Basic Research Banner

High Performance Input/Output System for High Performance Computing and Four-Dimensional Data Assimilation

Final Report (1993 - 1996)

Project Overview

The Northeast Parallel Architectures Center of Syracuse University is applying basic computer science research in high performance input/output systems for parallel computers to the NASA grand challenge applications of four-dimensional data assimilation. Our approach is to apply leading parallel computing research to a number of existing techniques for assimilation, and extract parameters indicating where and how input/output limits computational performance. Using detailed knowledge of the application problems, we are:

Research Activities

PASSION: Parallel And Scalable Software for Input-Output

In order to develop a successful assimilation system for Earth Science, there will be a continual need to process and reprocess data sets with ever-improving and more complete assimilation system. There will also be a requirement to diagnose the quality of the data sets. Data assimilation provides the most compute-intensive as well as I/O-intensive undertaking in NASA Earth Science research, and therefore, high-performance I/O capability will be essential to new generation data assimilation systems. The objective of designing the PASSION software is to develop software support for parallel I/O that permits scalable I/O operations to match the growing computational power of the new parallel supercomputer.

We have concentrated our recent research on the correlation between data distribution and parallel I/O performance. In several studies, we have shown that the performance of parallel file systems can vary significantly as a function of the selected data distributions cannot be supported. Further, in these studies we have described how the parallel language extensions, though simplifying the programming, do not address the performance problems found in parallel file systems.

As a result of our studies, we have developed a parallel I/O runtime package that uses an alternative scheme for conducting parallel I/O - the Two-Phase Access Strategy - which guarantees higher and more consistent performance over a wider spectrum of data distributions. We have designed and implemented runtime primitives that make use of the two-phase access strategy to conduct parallel I/O, and facilitate the programming of parallel I/O operations. Our performance results show that I/O access rates are improved by up to several orders of magnitude. Further, the variation in performance over various data distributions is restricted to within a factor of two of the best access rate.

A number of high level programming language have recently introduced intrinsics that support parallel I/O through a runtime library. By using these primitives, I/O operation instructions within applications become portable across various parallel file systems. Also, the primitives are convenient to use; the instructions for carrying out parallel I/O operations do not involve much more than a declaration of the data decomposition mapping and the use of open, close, read and write routines.

Yet, these languages supported I/O primitives suffer from a serious drawback. Because they use a direct access mechanism to perform the I/O, the user data distribution mapping remains tightly linked to the file mapping to disks.

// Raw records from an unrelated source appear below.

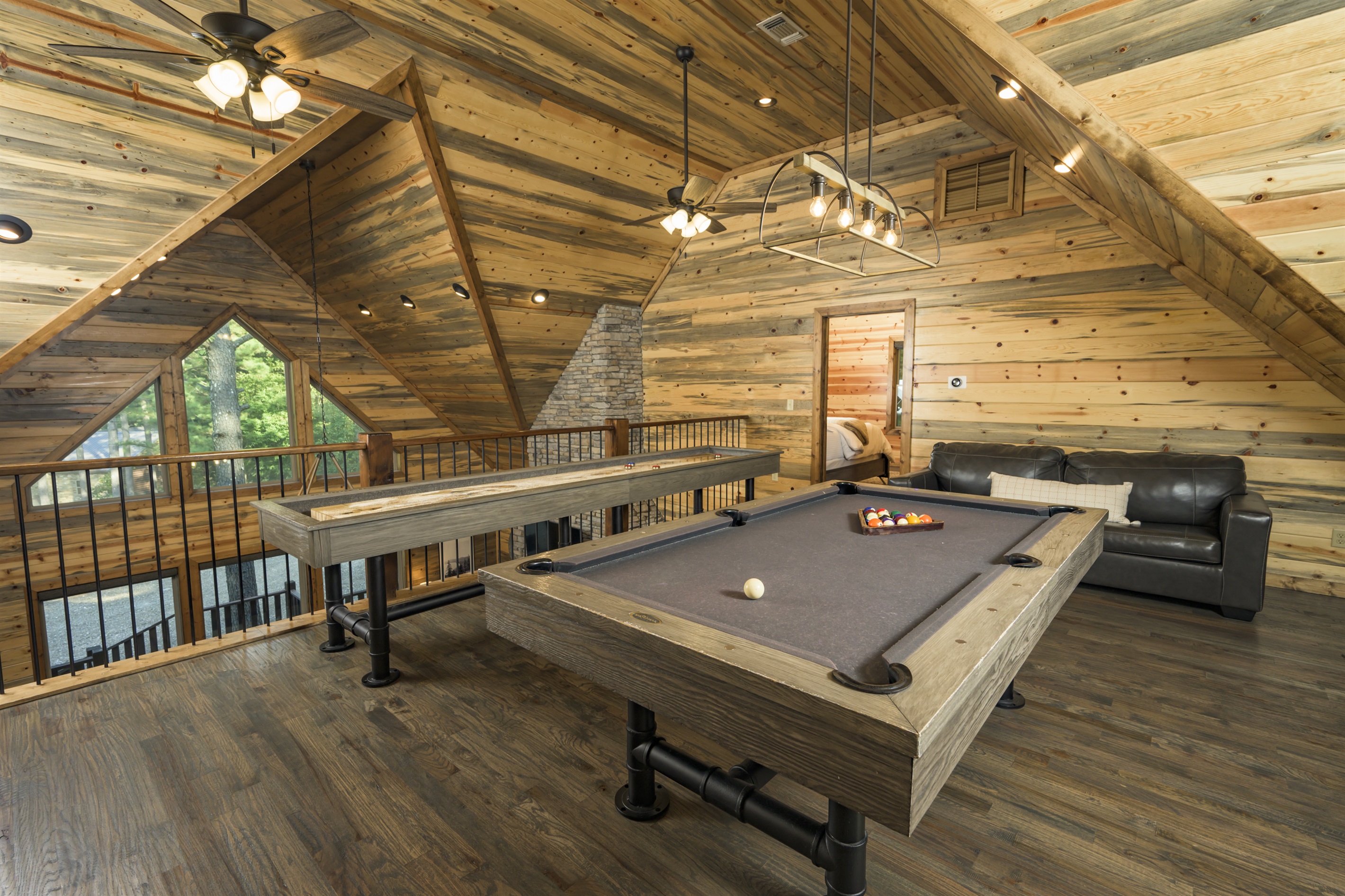 Back inside on the second level there's a loft off the stairs that features a queen sleeper sofa, TV, pool table, shuffleboard, and pub table. Off the game room, you'll have access to a TV room with another queen sofa sleeper enclosed by double barn doors.
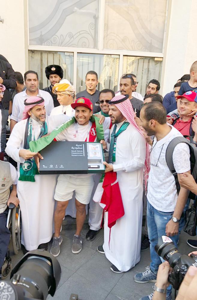 كرمت الهيئة العامة للرياضة جماهير المنتخب السعودي الذين تفاعلوا في الساحة الحمراء بموسكو، دعما للمنتخب قبل مباراة الأوروغواي، ولقيت تلك البادرة تفاعل الجماهير بمختلف ميولهم مع الأهازيج السعودية التي تم ترديدها من قبل السعوديين الموجودين في منطقة تجمع الجماهير العالمية. وشهدت الساحة حضورا لافتا من الجماهير التي أعلنت تفاؤلها بتقديم الأخضر مستويات مشرفة في لقاءاته القادمة.
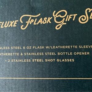 Adventure flask gift set with leatherette and stainless steel. Includes flask, bottle opener, and shot glasses.New in Box

Thus, they are susceptible to the same performance fluctuations and limitations (e.g., unsupported data distributions) that are observed of the parallel file systems.

Our system provides the portability and convenience of language supported I/O primitives. In addition, because it makes use of the two-phase access strategy to carry out I/O, it effectively decouples user mapping from the file mappings of the parallel file system, and provides consistently high performance independent of the data decompositions used. Further, since these primitives are linked at the compile-time as a runtime library, they can be used with any MIMD (node programming + message passing library) program, or from a data parallel program such as one written in HPF. The runtime primitives library provides a set of simple I/O routines.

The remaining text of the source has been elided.